With its budget woes, Philadelphia can ill afford the $5.9 million that city officials have agreed to pay as redress for the prison abuse of thousands of people subjected to humiliating strip searches after being jailed only for minor offenses.
But the settlement disclosed this week is a price that must be paid for years of heavy-handed booking policies that treated all prisoners as if they were hardened criminals.
The city's penalty - which could rise an additional $2 million in legal fees - also should stand as a warning around the region.
Due to the lack of uniform policies on strip searches, suburban towns and other counties still run the risk of abuses. Indeed, four South Jersey counties and Dauphin County, Pa., are on the hook for more than $16 million in settlements over searches, with lawsuits pending elsewhere.
It's fortunate that, as a result of the 2005 class-action lawsuit over the city searches, Philadelphia prison officials reformed their strip-search policies. Searches are down dramatically, and most people arrested for minor offenses are scanned with devices for contraband and drugs, rather than subjected to a visual inspection while naked.
The city's six prisons had taken security to absurd lengths by strip-searching even people held overnight while trying to make bail. One inmate who sued was a longtime teacher jailed on a drunken-driving charge, who told of being terrified during the strip search, and later wept when locked in a prison cell.
An Inquirer investigation of prisoner-search policies in 2007 exposed their widespread use in suburban towns, as well. But the lack of a national standard on strip searches has hampered comprehensive reform, with some prison authorities continuing the indiscriminate practice on security grounds.
Even with several federal courts having ruled unconstitutional the blanket use of strip searches, the outlook for reform has been clouded by a recent ruling upholding such searches.

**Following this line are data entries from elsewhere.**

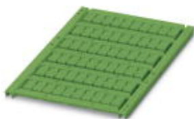
The figure shows the UCT-TM 6 version

UniCard materials for thermal transfer printer, for labeling Weidmüller, Conta Clip, and Klemsan terminal blocks, 60-section, can be labeled with THERMOMARK CARD and BLUEMARK LED, color: green
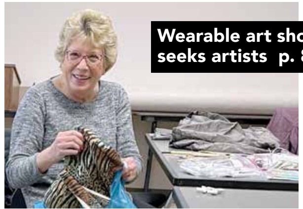
Wearable art show seeks artists p. 8
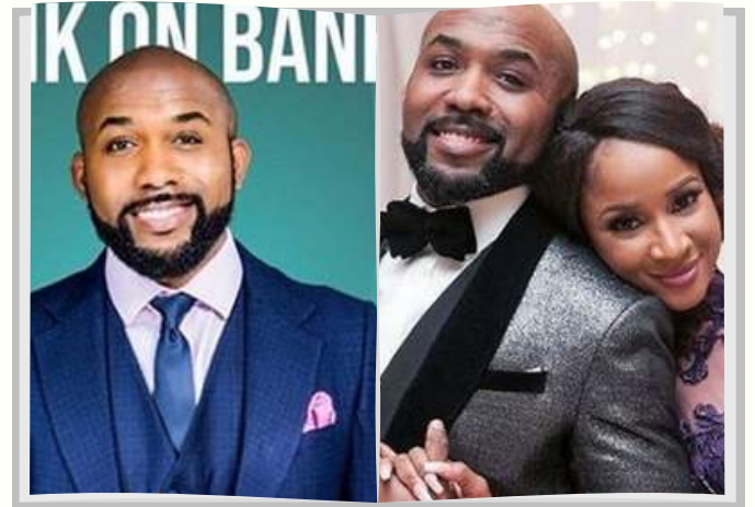
Banky Wellington (and wife right)

2. Grassroots efforts , while not always as appealing as engaging with the major political bodies (such as at FCT or high-ranking politicians or governmental bodies higher up in the hierarchy), it is a very important, if not the most important strategy to change the future of Nigeria. Rather than the top down approach, Nigeria will benefit most from the bottom up approach. We must focus on the people. Just as we in the diaspora are disenfranchised, those in Nigeria are equally and arguably more disenfranchised as they face the struggles of living in the country day to day. Their engagement and support is crucial.
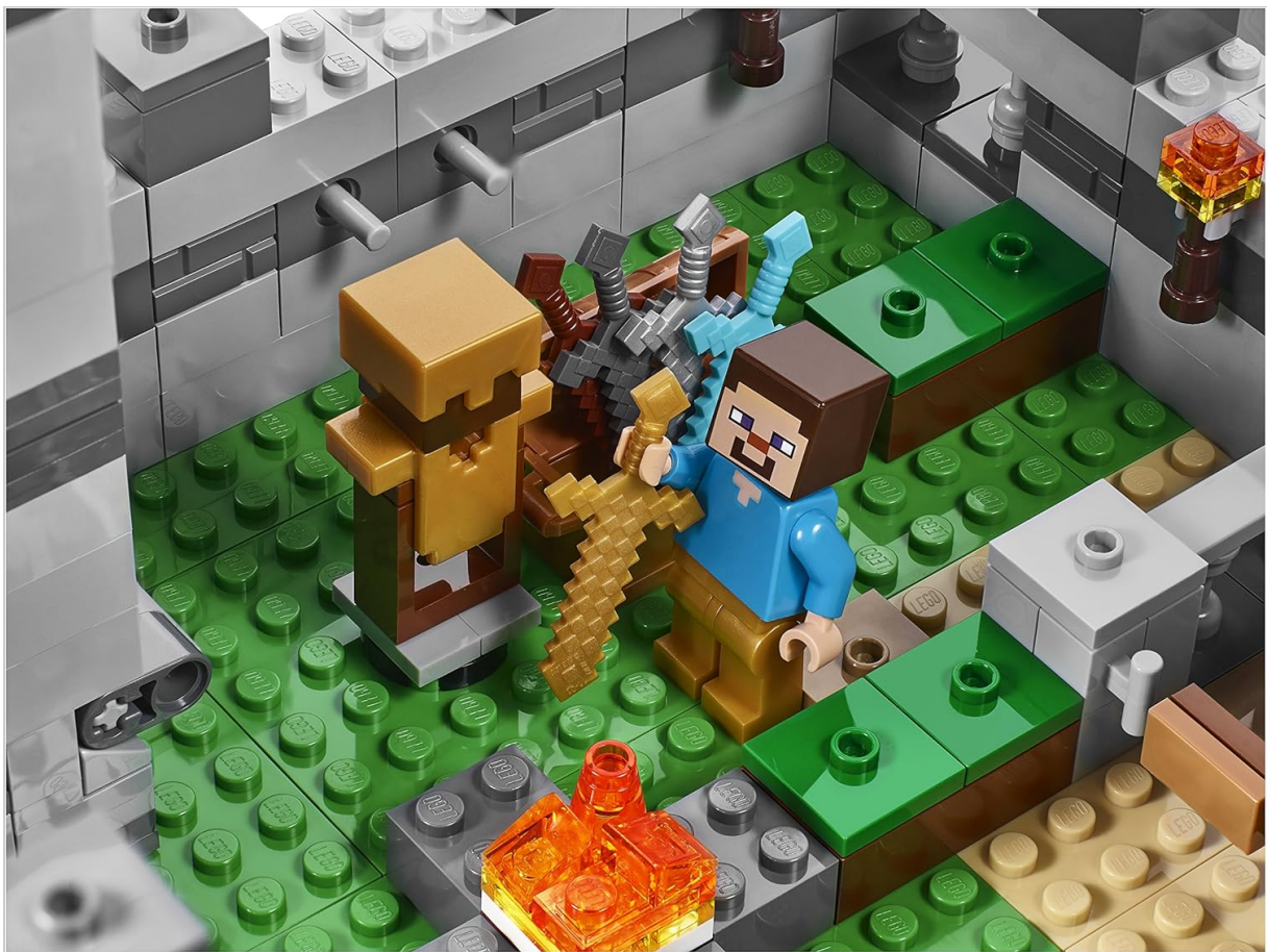
Figure 3.1: Steve minifigure and accessories included in the set.

Police and prison officials should strip search only where they have reasonable suspicion that inmates are carrying contraband such as drugs. It's clear that blanket strip policies aren't the way to go - and it shouldn't take more costly court settlements to bring about reform.
If nothing else, taxpayers who are paying for the settlements should demand prison policies that pass court muster by fairly balancing the need for security versus individual rights.